### WHAT IS NEEDED
Please, could you print all the lines below exactly, leaving out the pictures?

[Excerpts from a dataset]
· · ·

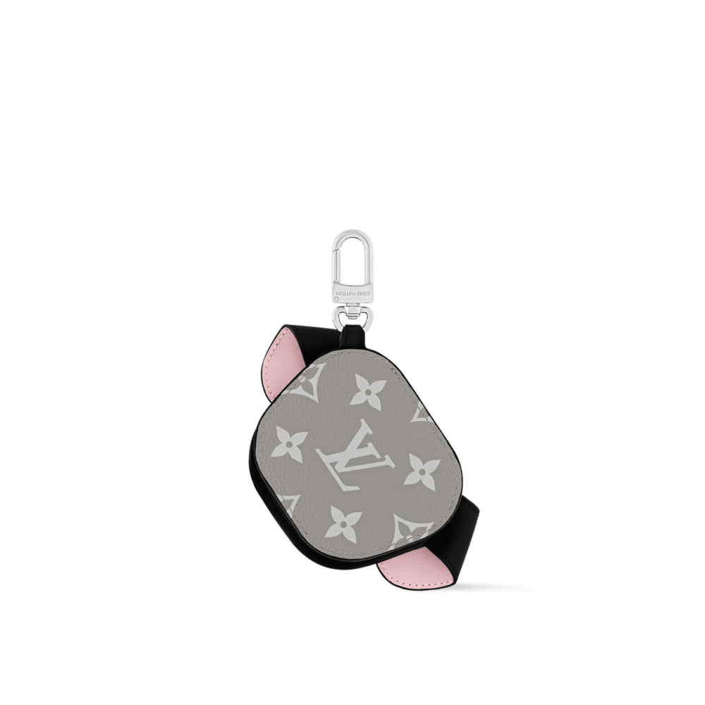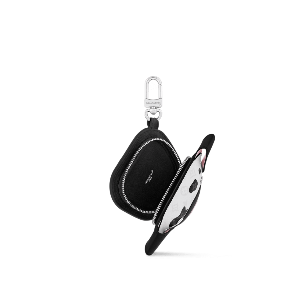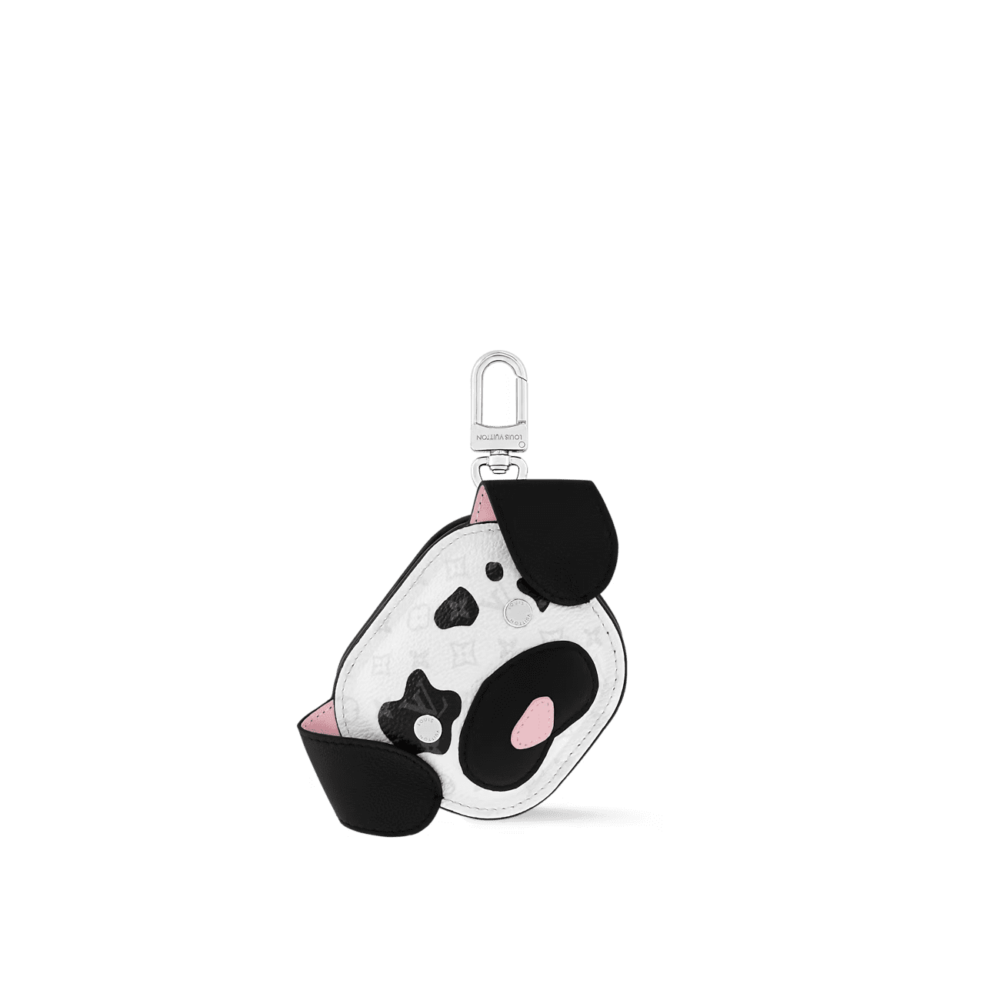 The LV Dog Bag Charm is a delightful decoration that also serves as a pouch to hold earphones or similarly small items. The white face of the dog is covered in a tonal Monogram, complete with floppy black ears, a light pink nose, and silver-studded eyes. The end result makes a thoughtful gift and an adorable addition to any keychain or bag.
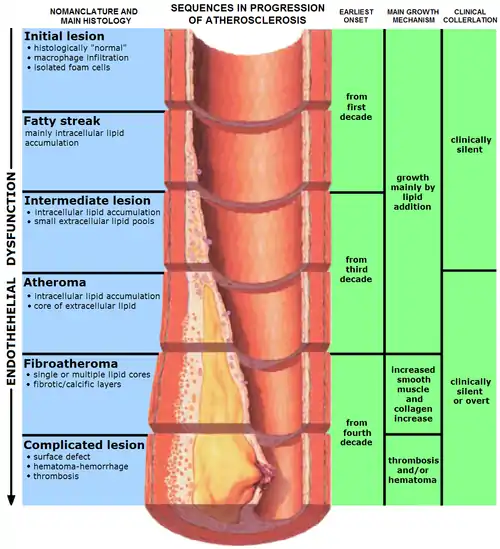 Atherosclerosis is a disease characterized by the buildup of plaque inside the arteries. [1] Plaque is made up of fat, cholesterol, calcium, and other substances found in the blood. Coronary artery disease (CAD), is atherosclerosis of the coronary arteries. [2] The cause of atherosclerosis is not known. Smoking, diet, physical activity, and genes influence the risk of atherosclerosis. [1] Atherogenic infections have been associated with atherosclerosis in animals. [3]
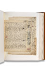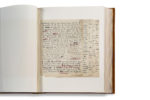 Publiée à Paris chez Fasquelle en 1901, et simultanément en traduction à Berlin, Amsterdam, Londres et New York, La Vie des abeilles remporta aussitôt un grand succès, avec des traductions en seize langues. C’est en 1900, à Passy et en Normandie à Gruchet Saint-Siméon, que Maeterlinck, influencé par Jean-Henri Fabre, commença une longue étude sur les abeilles, inspirée par « vingt années d’apiculture », depuis sa jeunesse dans la maison de campagne familiale à Oostacker, près de Gand. Pour ses observations, Maeterlinck avait fait confectionner une ruche dont une des parois était transparente. Le livre a été salué notamment par Rainer-Maria Rilke et par Jean Rostand : «Maeterlinck, par la vertu de son génie, fera entrer dans le patrimoine littéraire un peu de l’âme du naturaliste… Qui a lu La Vie des abeilles en reste à jamais imprégné »… Le manuscrit est écrit à l’encre bleu noir au recto de feuillets de papier ligné tirés d’un cahier. De nombreux feuillets ont été en partie découpés et recollés à l’aide de papier gommé au dos, témoignant (ainsi que les changements de pagination) d’un important travail de remaniement, certains feuillets comptant jusqu’à huit fragments mis bout à bout (32 cm).
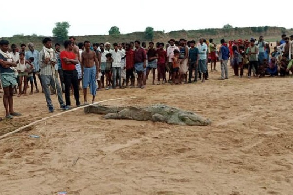 • కర్రలు, వల సాయంతో మొసలిని నది బయటకు లాగిన గ్రామస్థులు
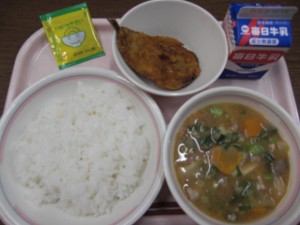 今日の給食は、牛乳・ごはん・野菜ふりかけ・イワシの梅しそフライ・僧兵汁 でした。(和歌山県メニューです。)

· · ·

### ANSWER AREA
 The LV Dog Bag Charm is a delightful decoration that also serves as a pouch to hold earphones or similarly small items. The white face of the dog is covered in a tonal Monogram, complete with floppy black ears, a light pink nose, and silver-studded eyes. The end result makes a thoughtful gift and an adorable addition to any keychain or bag.
 Atherosclerosis is a disease characterized by the buildup of plaque inside the arteries. [1] Plaque is made up of fat, cholesterol, calcium, and other substances found in the blood. Coronary artery disease (CAD), is atherosclerosis of the coronary arteries. [2] The cause of atherosclerosis is not known. Smoking, diet, physical activity, and genes influence the risk of atherosclerosis. [1] Atherogenic infections have been associated with atherosclerosis in animals. [3]
 Publiée à Paris chez Fasquelle en 1901, et simultanément en traduction à Berlin, Amsterdam, Londres et New York, La Vie des abeilles remporta aussitôt un grand succès, avec des traductions en seize langues. C’est en 1900, à Passy et en Normandie à Gruchet Saint-Siméon, que Maeterlinck, influencé par Jean-Henri Fabre, commença une longue étude sur les abeilles, inspirée par « vingt années d’apiculture », depuis sa jeunesse dans la maison de campagne familiale à Oostacker, près de Gand. Pour ses observations, Maeterlinck avait fait confectionner une ruche dont une des parois était transparente. Le livre a été salué notamment par Rainer-Maria Rilke et par Jean Rostand : «Maeterlinck, par la vertu de son génie, fera entrer dans le patrimoine littéraire un peu de l’âme du naturaliste… Qui a lu La Vie des abeilles en reste à jamais imprégné »… Le manuscrit est écrit à l’encre bleu noir au recto de feuillets de papier ligné tirés d’un cahier. De nombreux feuillets ont été en partie découpés et recollés à l’aide de papier gommé au dos, témoignant (ainsi que les changements de pagination) d’un important travail de remaniement, certains feuillets comptant jusqu’à huit fragments mis bout à bout (32 cm).
 • కర్రలు, వల సాయంతో మొసలిని నది బయటకు లాగిన గ్రామస్థులు
 今日の給食は、牛乳・ごはん・野菜ふりかけ・イワシの梅しそフライ・僧兵汁 でした。(和歌山県メニューです。)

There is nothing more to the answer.